--- PROBLEM TO WORK ON ---
Give back exactly the lines starting at the one with "- VIN: 5NPDH4AE3EH508632" and ending at the last line of the data below. Pictures are not part of the copy.

--- DATA SEGMENT ---

=== Section Start ===

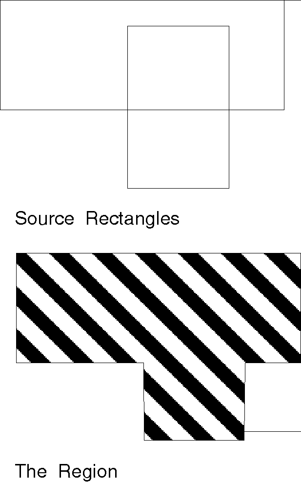 The following figure shows a region that consists of two intersecting rectangles. An application defined the region by passing an array containing the coordinates for the two rectangles to GpiCreateRegion. The application then drew the region with GpiPaintRegion.
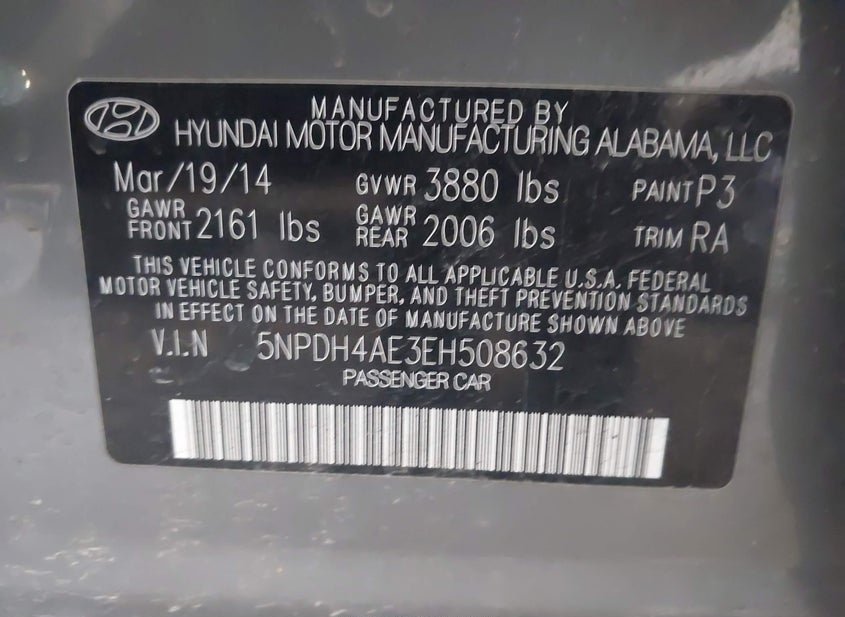 - VIN: 5NPDH4AE3EH508632
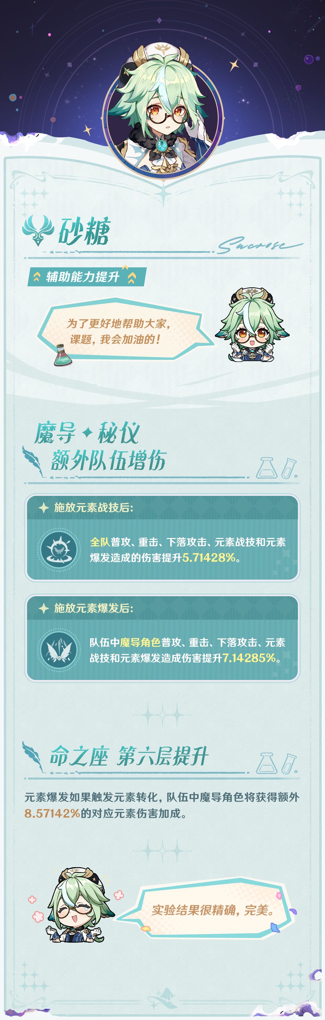 砂糖获得了一些小幅度的额外增伤能力,现在砂糖带莫娜或菲谢尔加入月感电队伍会有非常不错的提升顺带一提,砂糖的提升数值是一个神奇的数,1/7=0.142857,142857循环,142857被称为走马灯数,这组数乘1-6的结果仍然由这六个数组成,并且扔按照142857的顺序排列

=== Section End ===

--- YOUR SOLUTION ---
 - VIN: 5NPDH4AE3EH508632
 砂糖获得了一些小幅度的额外增伤能力,现在砂糖带莫娜或菲谢尔加入月感电队伍会有非常不错的提升顺带一提,砂糖的提升数值是一个神奇的数,1/7=0.142857,142857循环,142857被称为走马灯数,这组数乘1-6的结果仍然由这六个数组成,并且扔按照142857的顺序排列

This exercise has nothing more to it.